Clario Tech
- Trade name: Clario Tech
- Type: Private
- Industry: Software
- Founded: 2019, UAE
- Area served: Worldwide
- Products: Clario, Clario Anti Spy, MacKeeper
- Number of employees: ~400 (2026)
- Website: https://clario.tech/

= Clario Tech =

London-based digital privacy and security company

Clario Tech is a privately held cross-platform software company founded in 2019 and headquartered in the United Arab Emirates. The company develops and distributes consumer software products for desktop and mobile platforms, including cybersecurity and utility applications. Its products include Clario app, Clario Anti Spy, and MacKeeper, which are available on macOS, iOS, Android, and web-based platforms.

== Company overview ==
Clario Tech employs over 400 employees across multiple locations worldwide, including software developers, marketing specialists, security researchers and customer support.

In 2019, the company announced plans to invest approximately $30 million during 2020 toward development of cybersecurity products.

== Products ==

=== Clario Security ===
Clario Security was launched in January 2020 at the Consumer Electronics Show in Las Vegas.

The company described its product as an online security service combining cybersecurity tools with round-the-clock human support through a single interface. The application was reviewed by several publications, including the Evening Standard, which described it as the “Uber of cybersecurity".

Clario later introduced a public 24-hour IT support hotline for users experiencing technology-related issues.
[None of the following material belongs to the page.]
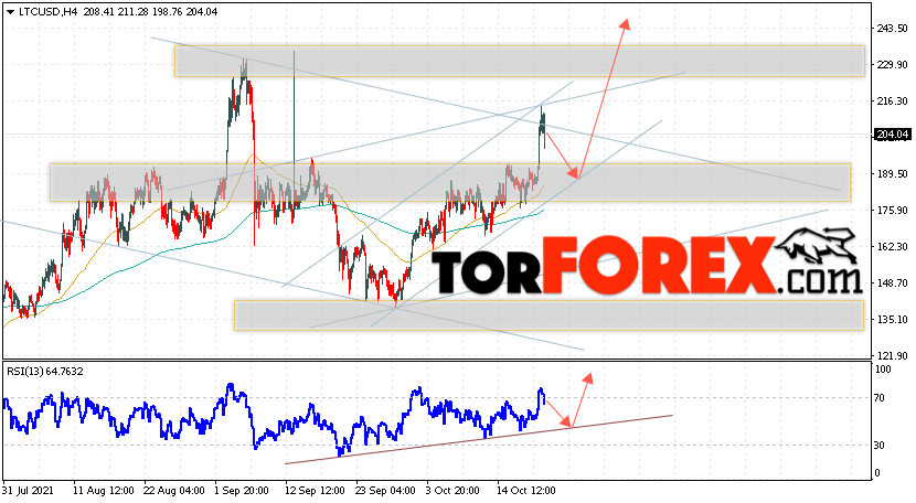 Дополнительным сигналом в пользу роста котировок LTC/USD выступит тест бычьей линии тренда на индикаторе относительной силы. Вторым сигналом станет отскок от нижней границы восходящего канала. Отменой варианта подъёма монеты станет падение стоимости актива и пробой области 170.55. Это укажет на пробой области поддержки и продолжение падения курса криптовалюты с потенциальной целью ниже уровня 135.55. С пробоем области сопротивления и закрытием котировок выше уровня 220.05 стоит ожидать подтверждения развития бычьей тенденции по Litecoin, что укажет на пробой верхней границы нисходящего канала.
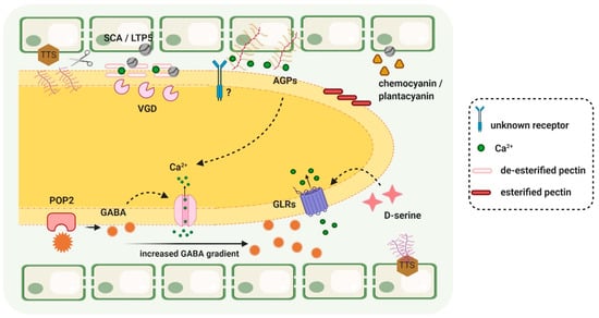 - Palanivelu, R.; Brass, L.; Edlund, A.F.; Preuss, D. Pollen Tube Growth and Guidance Is Regulated by POP2, an Arabidopsis Gene that Controls GABA Levels. Cell 2003, 114, 47–59. [Google Scholar] [CrossRef]

In December 2020, the product received AV-TEST certification and was included in the honourable mentions list for privacy-focused tools at Product Hunt's Golden Kitty Awards.

=== MacKeeper ===
MacKeeper is utility software that offers system cleaning, privacy features and an antivirus for macOS. Clario Tech has become the owner of the MacKeeper software since 2019 with aim to accelerate the transformation of MacKeeper.

=== Clario Anti Spy ===
Clario Anti Spy is a mobile application designed to detect and prevent digital stalking, phone spying and unauthorized surveillance. The app helps users identify suspicious activity such as hidden spyware, abnormal device behavior or linked devices on messaging platforms. Clario Anti Spy provides users with privacy tips, scanning tools and guidance to enhance their digital security and regain control over their devices. It is available for download on both iOS and Android platforms.

== Clario cybersecurity research ==
Clario Tech has undertaken numerous pieces of research into cybersecurity trends in 2020 and 2021. These include "Which Company Uses the Most of Your Data?", "The State of Cybercrime in US and UK", "Cybercrime Hotspots" and many more.